Given the records below, the lines starting at the line with "Игровое поле представляет" and ending at the line with "A quilombola Lucilene" should be output exactly, both end lines kept and pictures left out.

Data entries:
- Opening Delimiter -

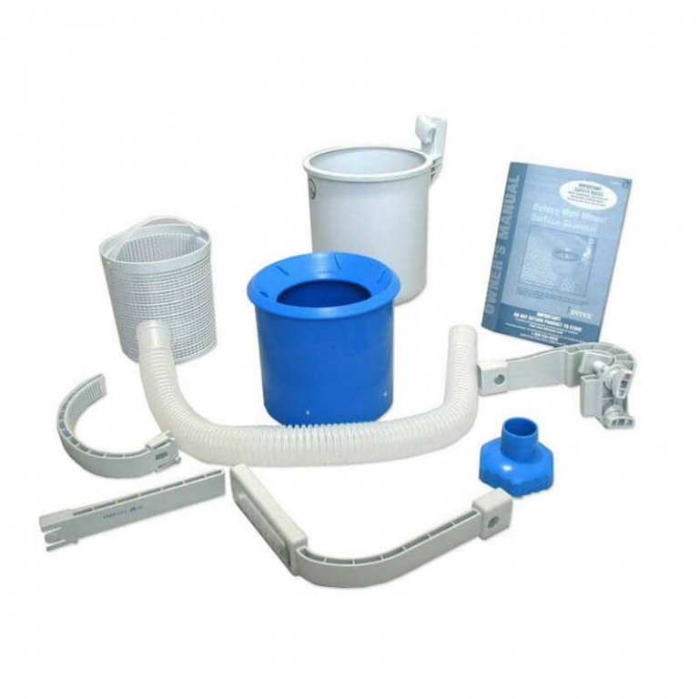 Скиммер для бассейна Intex 28000 для первичной фильтрации воды, поступающей в фильтрующий насос. Он представляет собой воронку с сеткой, которая задерживает механические примеси, благодаря чему фильтрующий насос забирает очищенную от крупного мусора воду.
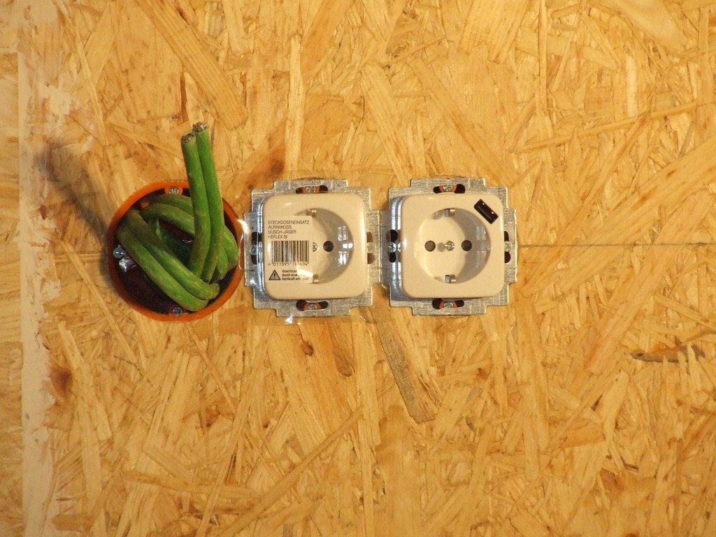 Steckdosen an der Nordwand, hier wird später der Küchentisch stehen
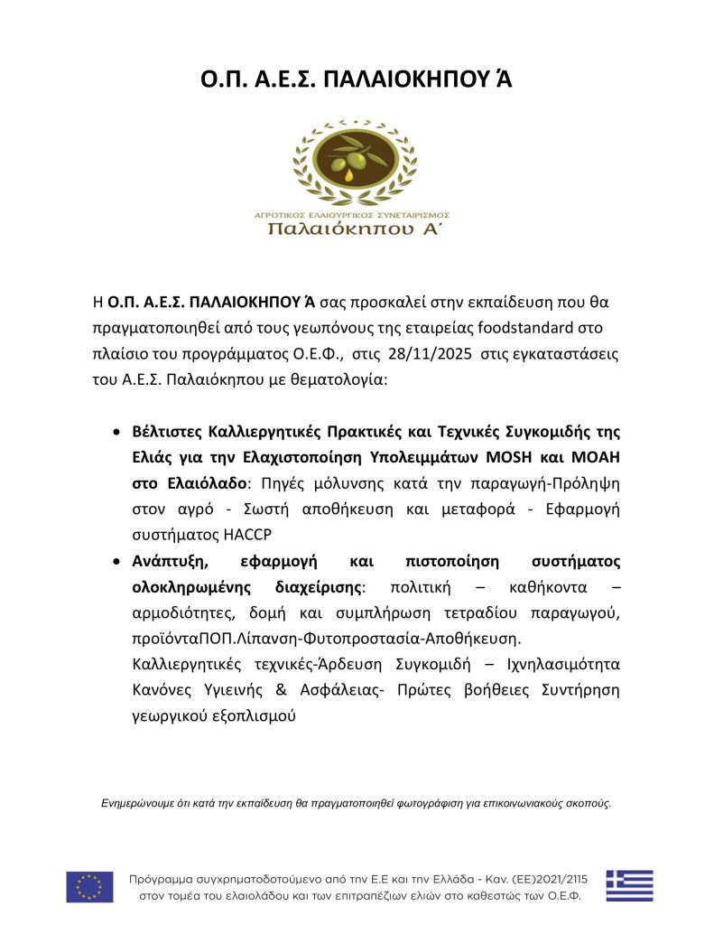 Εκπαίδευση παραγωγών – μελών της Ο.Π. Α.Ε.Σ. Παλαιόκηπου Α΄ στο πλαίσιο του 2ου έτους εφαρμογής του εγκεκριμένου προγράμματος εργασίας Ο.Ε.Φ. περιόδου 2021 – 2022 για τη Δράση Γiii – Διεξαγωγή μαθημάτων κατάρτισης επιτόπου στον αγρό. Η εκπαίδευση θα πραγματοποιηθεί στο Πολυκέντρο Παλαιοκήπου στις 18:00 .
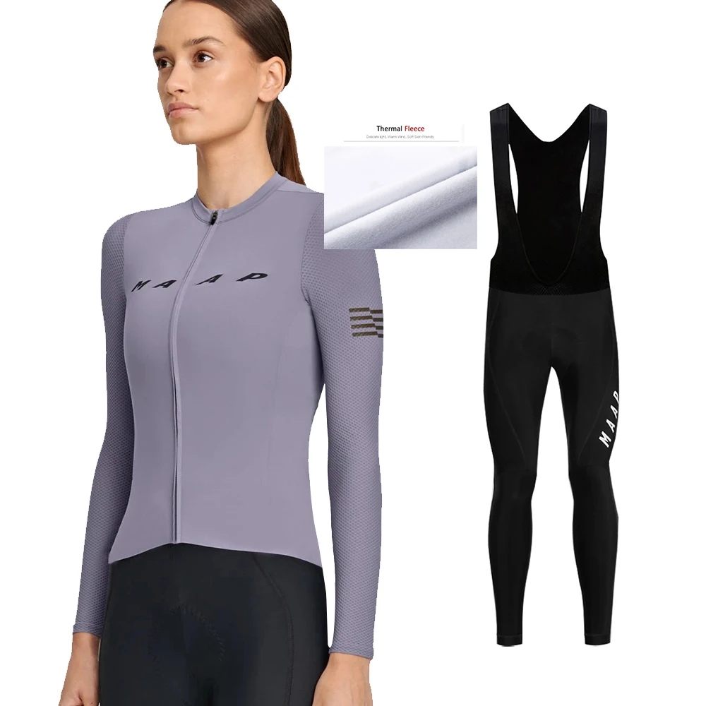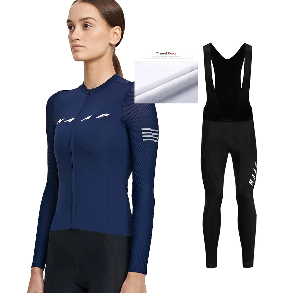 Новая зимняя Женская Теплая Флисовая спортивная одежда MAAP для велоспорта с нагрудником и брюками для горного велосипеда MTB велосипедная одежда для велоспорта
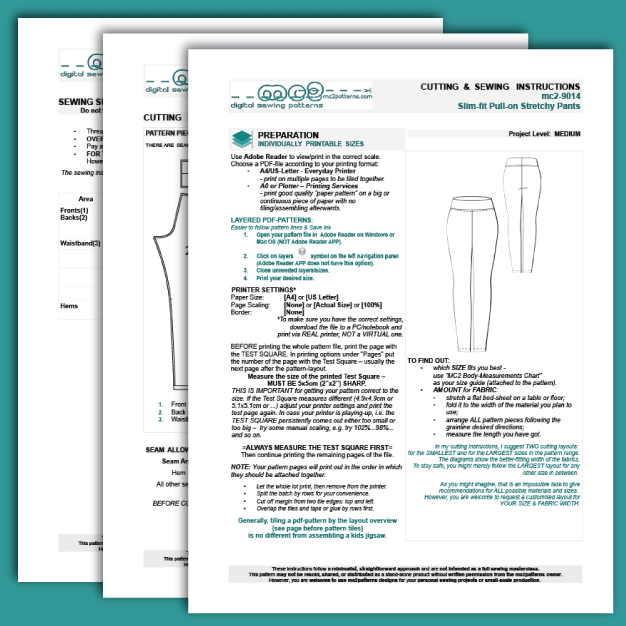 Slim-fit Pull-on Stretchy Pants / Leggings Sewing Pattern | Digital PDF (mc2-9014)
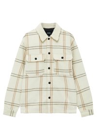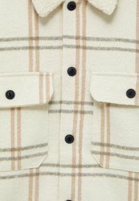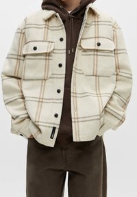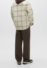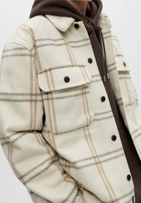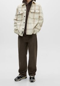 Veste à boutons à carreaux blanc cassé et beige portée sur un sweat à capuche marron, associée à un pantalon marron foncé, mains glissées dans les poches de la veste.
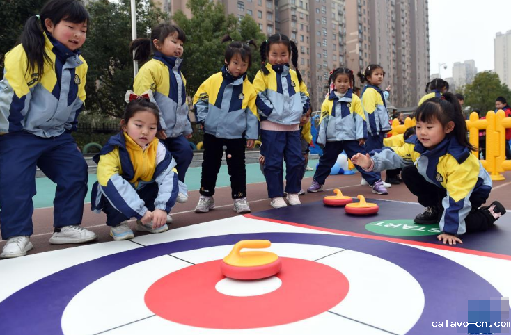 2月16日,合肥市泰山路幼儿园的小朋友在开学典礼上体验“旱地冰壶”游戏。
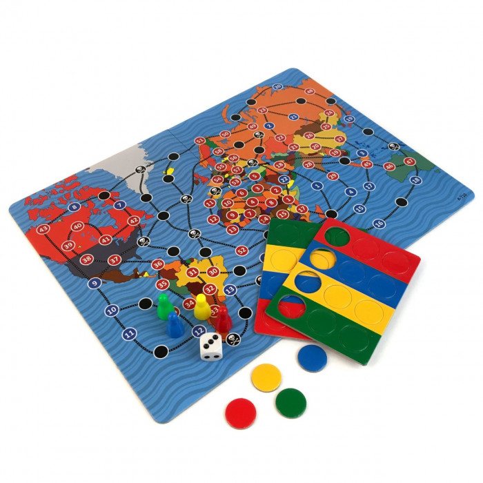 Игровое поле представляет собой карту мира, на которой разбросаны много ходов, которые связаны между собой. Каждому ходу соответствует определенное животное, которое обитает в этой точке мира.
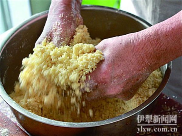 待面成為不黏手的細(xì)小顆粒,方能揉團(tuán)
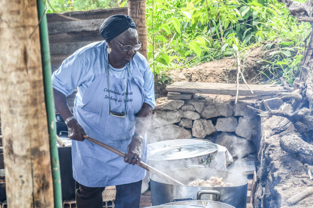 A quilombola Lucilene dos Santos, conhecida em Rodrigues como Lena, declarou a emoção de receber em sua casa a cozinha comunitária que ofereceu café e almoço às pessoas durante o festejo. “É união, a família unida e um ajudando o outro. Eu fico maravilhada e muito orgulhosa de receber essa festa na minha comunidade e poder colocar minha casa, minha família e meus irmãos para ajudar a continuar uma tradição da minha mãe, Eustáquio Vicentino”, declarou Lena.
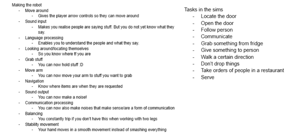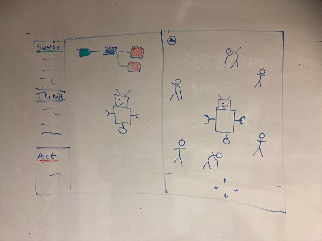 This week's challenge is to create a tool that will help prototyping (high level) robot behaviour, preferably without the use of Wizard of Oz. As we did not want to make use of Wizard of Oz and getting an actual robot was a bit expensive, we started to look into virtual robots. Our initial idea was to create a tool that would allow users to design and test their robot in a Sims like universe:  1) One would first program and design their own simple robot. 2) Once finished they receive tasks to complete. 3) Doing these tasks would give insight into the behaviour of the robot and what is still missing.
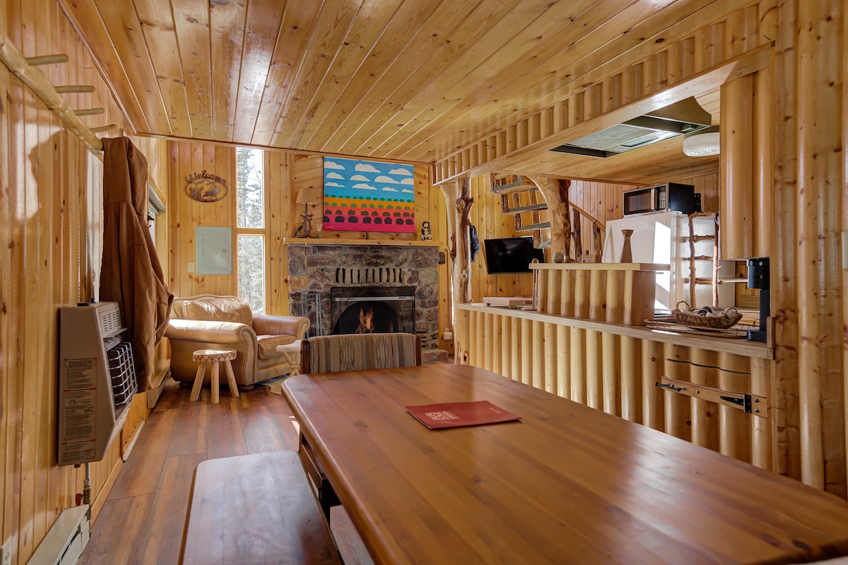 The spaceYou will walk in to sky high ceilings and a massive stone fireplace. We keep plenty of firewood for your stay! Cozy is key! A dining area off to your right allows for meals at home surrounded by the beautiful nature scape. The kitchen is FULLY stocked with everything you’d need to make yourself at home and cook your favorite meals. There is a washer/dryer combo in the half bath downstairs and plenty of laundry supplies. Don’t ever hesitate to ask for a replenish. You’ll walk up the incredible spiral staircase to the bedroom area with views from every angle. A queen size bed with down bedding awaits you on those chilly evenings. The reading nook with leather couch allows for a sitting area while you’re upstairs. The full bath has a wall heater to take the chill off the winter showers! This cabin comes equipped with an electric hot water heater to ensure everyone gets a hot shower! The sleeper downstairs is a full size, and allows for two guests to sleep downstairs. Enjoy the fiber optic internet and stream all of your favorite channels! Please make yourself at HOME. We’re truly honored to have you stay.
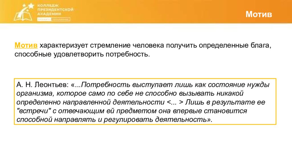 Мотив Мотив характеризует стремление человека получить определенные блага, способные удовлетворить потребность. А. Н. Леонтьев: «... Потребность выступает лишь как состояние нужды организма, которое само по себе не способно вызывать никакой определенно направленной деятельности <... > Лишь в результате ее "встречи" с отвечающим ей предметом она впервые становится способной направлять и регулировать деятельность».
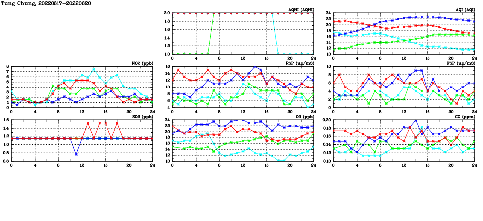 | Air Quality Data Time Series in Tung Chung (2022/06/20) | ( Line colors: Day -3 Day -2 Day -1 Current day ) | 2D Map Current AQHI |
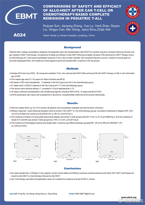 題目:Comparisons of Safety and Efficacy of Allo-HSCT after CAR T-Cell or Chemotherapy-Based Complete Remission in Pediatric T-ALL
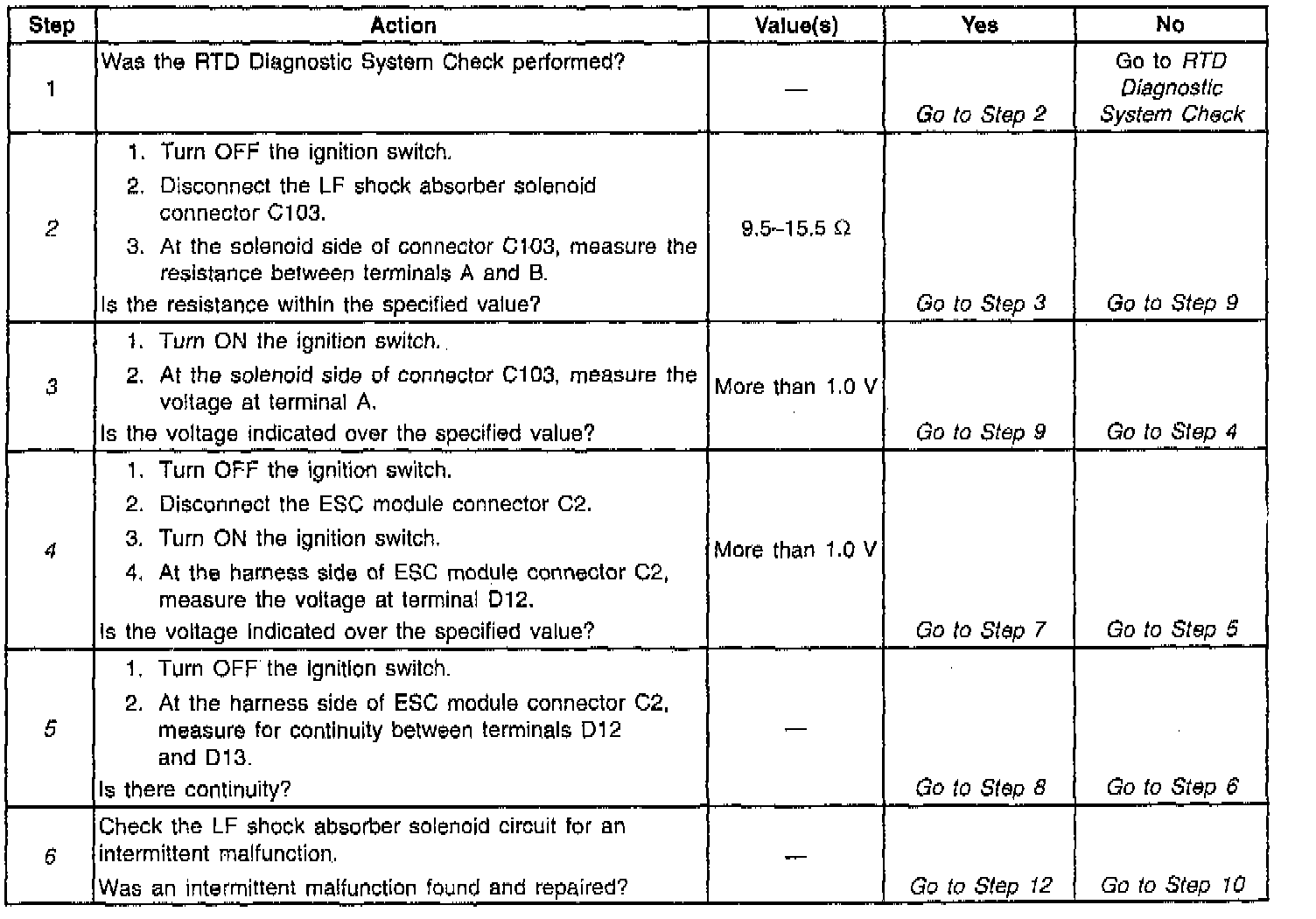 6. This step checks for an intermittent malfunction and requests a thorough inspection of the related LF shock absorber circuit wiring and connectors.

- Closing Delimiter -

**WRITTEN RESPONSE:**
 Игровое поле представляет собой карту мира, на которой разбросаны много ходов, которые связаны между собой. Каждому ходу соответствует определенное животное, которое обитает в этой точке мира.
 待面成為不黏手的細(xì)小顆粒,方能揉團(tuán)
 A quilombola Lucilene dos Santos, conhecida em Rodrigues como Lena, declarou a emoção de receber em sua casa a cozinha comunitária que ofereceu café e almoço às pessoas durante o festejo. “É união, a família unida e um ajudando o outro. Eu fico maravilhada e muito orgulhosa de receber essa festa na minha comunidade e poder colocar minha casa, minha família e meus irmãos para ajudar a continuar uma tradição da minha mãe, Eustáquio Vicentino”, declarou Lena.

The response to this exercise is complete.